Harry I've been sick for weeks so this email got pushed far off the page and for some weird reason I was having a big problem getting onto the forum with the usual links, for the same weird reason that problem has gone away so, thanks so much for posting the nice image of the lathe bed router sled as this type of sled is a must if you are going to use your lathes index system and it is as I said in my first response, you can use the lathes index wheel to hold the chuck still as long as the index stations on that wheel are suitable for your project and if not then you can do what you did, make on that does suit, but how do you do the cut? I do have some images like this sled but I had to build a new computer and I did save all the images on the old one but they are on USB hard drives and not easy to find, the thing is that this type of box has to be made to do any 'actual cut' using the indexing system on any index-able lathe, unless you are going to do the cut by hand, which was the old method, I have been told that some more experienced guys did fix wires and pulley wheels onto their lathes and they used these wires to control the rotation of the lathe's chuck so that they could draw spiral flutes onto their workpiece using a pencil sled, they did get the correct spacing but they still had to do the cut by hand, I have never been able to get an image on any lathe that did have a 'wire & pulley' system fitted however my point is proved, you can use the index wheel that comes with an index-able lathe to 'draw flutes' on any item, like a spindle, but you cannot do the cut without a sled like this one and you are limited to the possible index stations that the lathes index wheel will give. In the situation of your nice key rack then I agree, the number of holes does not matter that much so you just pick any number that the lathes index wheel can do that looks OK and gives a reasonable spacing however you did make your wheel so anyone with any lathe can also make a wheel for themselves that does suit the project.

My problem has always been 'spiral flutes on irregular surfaces', the sled you have shown will work with any 'straight object', you do have a cutter depth problem however that can be solved, what you do it that you use a planning cutter fitted to the router to cut all your spindles to be exactly correct and all the same, because the diameter of the spindles will all be the exact same diameter then you could then change the cutter to the fluting cutter and then use the index wheel on the lathe to set the stations and do any straight flutes with no depth problem as the cutter will contact the all the spindles at the same depth, if you can rig a height adjustable tail stock, not your normal one but a shop made tail stock that does let you adjust the tail end up, then you could then do all of the same on any tapered spindle, this lets you do straight flutes on straight or tapered spindles, but not spirals and not on uneven shapes or table columns that are not all the same as they were turned by hand, which is my problem the only way to do that is to use a cutter that also has a bearing that rests in the work piece and also sets the depth of cut.

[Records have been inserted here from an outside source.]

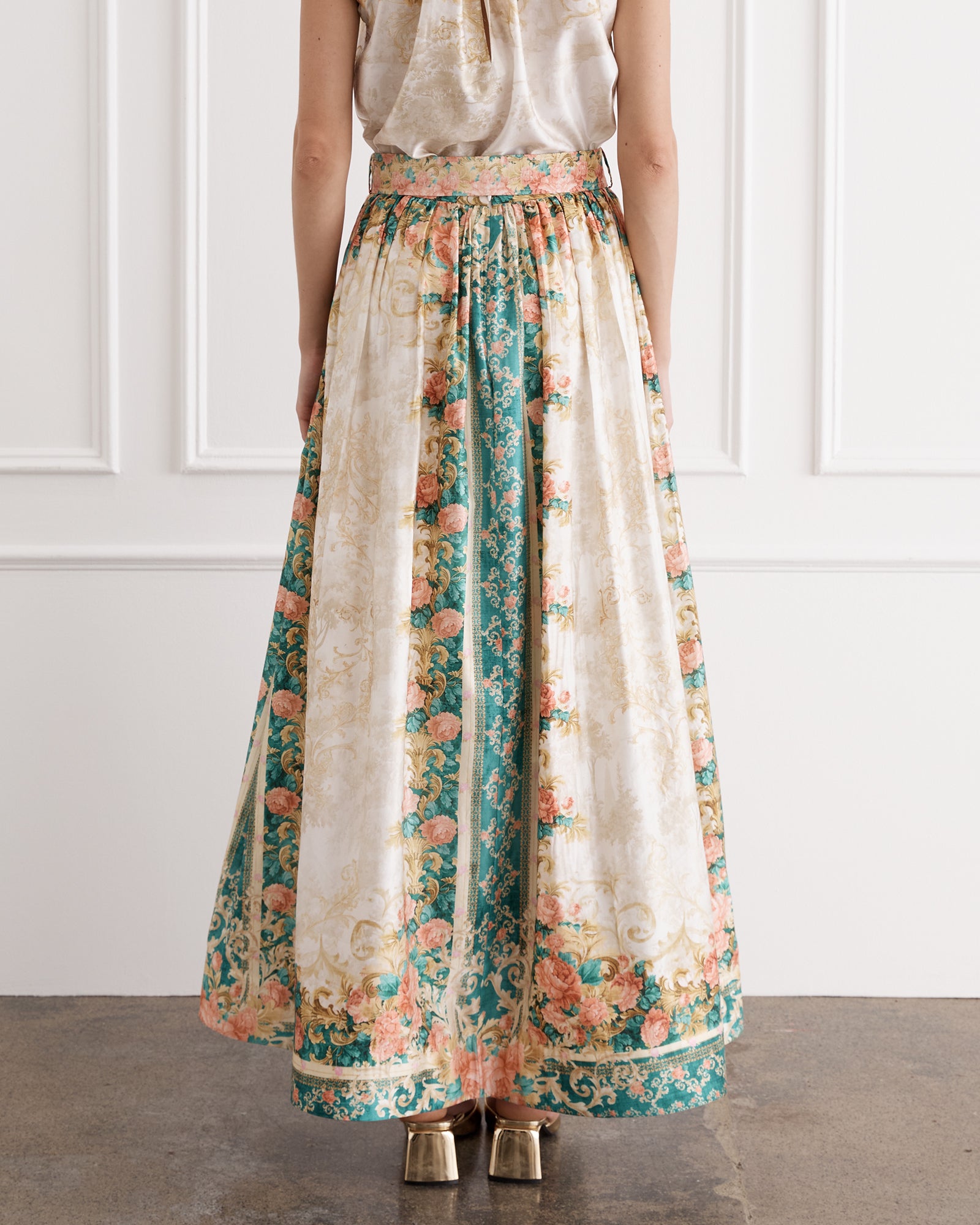 The Lily Maxi Skirt combines romance and refinement. Woven from the strength of Cotton and the decadent fluidity of Mulberry Silk, allowing it to hold both structure and softness. The cascading full length skirt is perfectly balanced with a detachable belt, adding structure to softness.
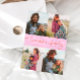 Modern and elegant Valentine's Day photo template card featuring 4 pictures with a hand written script text that says "Love makes a family" with hearts. You can add another picture and a message on the back of the card. Orange pink.
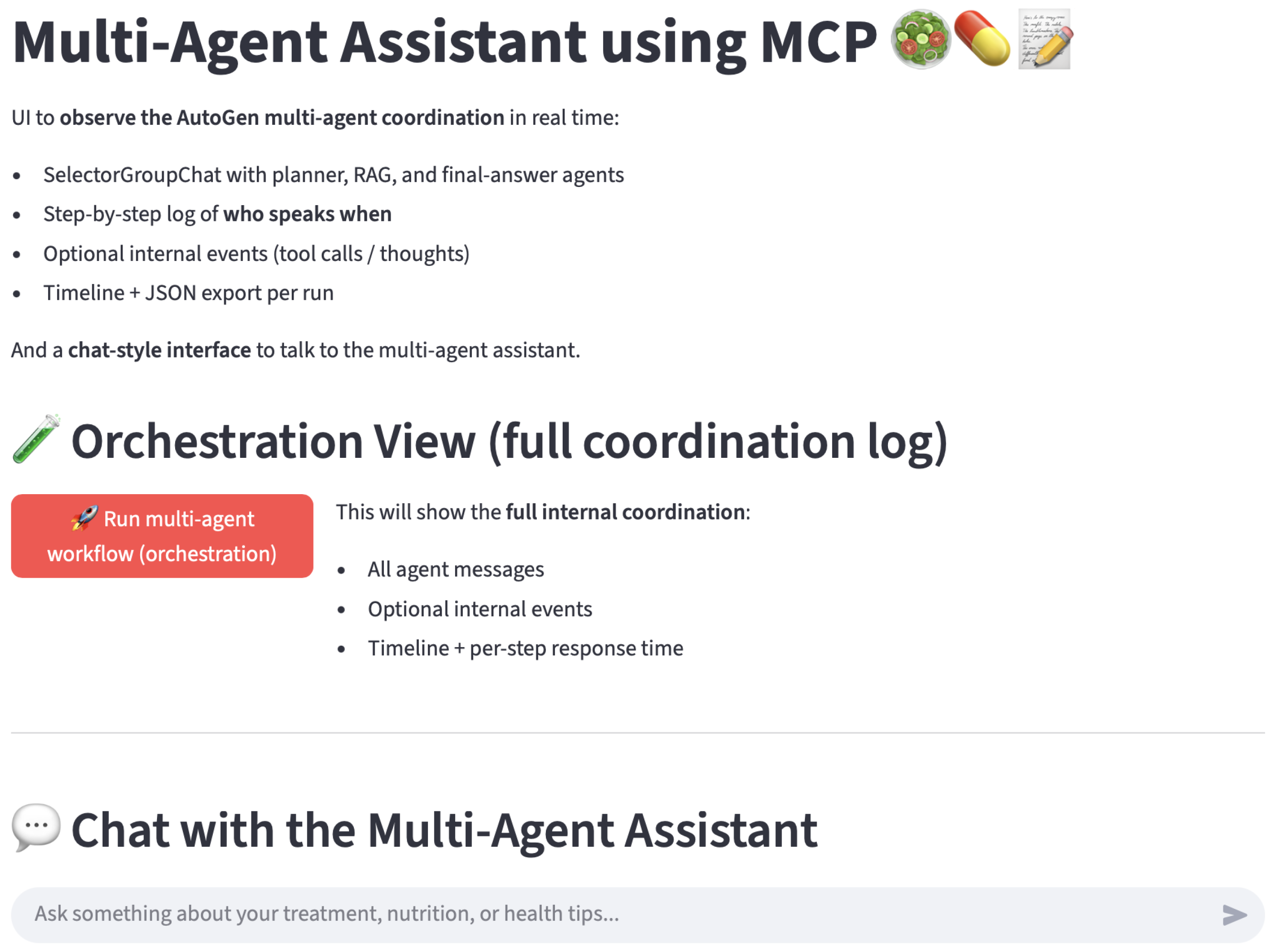 - Combined Nutrition and Pharmacological Analysis: In this advanced scenario, the MAS integrates data from both the Nutrition RAG Agent and the Medicine RAG Agent simultaneously. This allows the system to identify potential drug-nutrient interactions (e.g., verifying if a prescribed diet is safe given the user’s current medication) and provide comprehensive safety warnings that neither agent could generate in isolation.
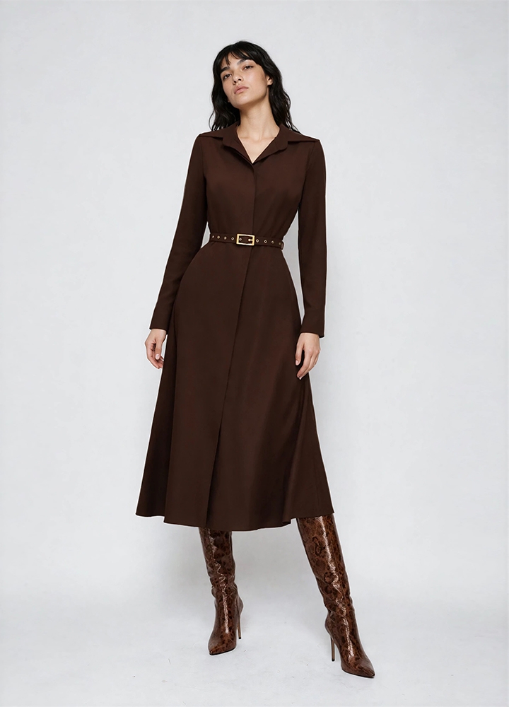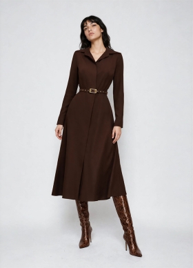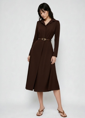Rochie camasa maro midi din viscoza cu maneci lungi si curea textila Sylvie

I looked very closely at many lathes, I studied the index wheels very closely and I could see that none of them will do what I wanted and that is why I decided that I had to make a much better index-able box, better than my Router Standardizer anyway, it's what brought me to this site in the first place, Dick and Bruce with their wonderful Router Lathe design. No one box or Router Lathe design can do all, I did see that even though you can do some cuts with this or that design then some other cuts get very hard if not impossible so my index box does do what it was made to do however it cannot do spiral flutes, my new index-able box does solve most of the problems and I am building a new workshop as we speak, it was impossible for me to keep working as I was and the new shop will let all of that be finished, the new box cannot do all the cuts so in the end then I will also build a versions of Bruce's Router Lathe as it's a very clever idea.

For me and with all tools then I think that you have to get a benefit that outweighs the cost of the tool, I gave up on index lathes as they could not do what I wanted and I saw that boxes and Router Lathes were the only way, however I have gotten back to where I started, if there was a project that was going to be done on the index-able head of the lathe that it could first do, and the project did justify the extra cost of the lathe with the index system, then buy it as there would be valid reason, for me then I could not see any way that the index lathe could do what I wanted and all I could see was a gimmick that was hard to get use out of, straight flutes and tapered straight flutes can be cut in a far more versatile way in an index-able box like my Router Standardizer. you always have my best regards Harry. Neville


----------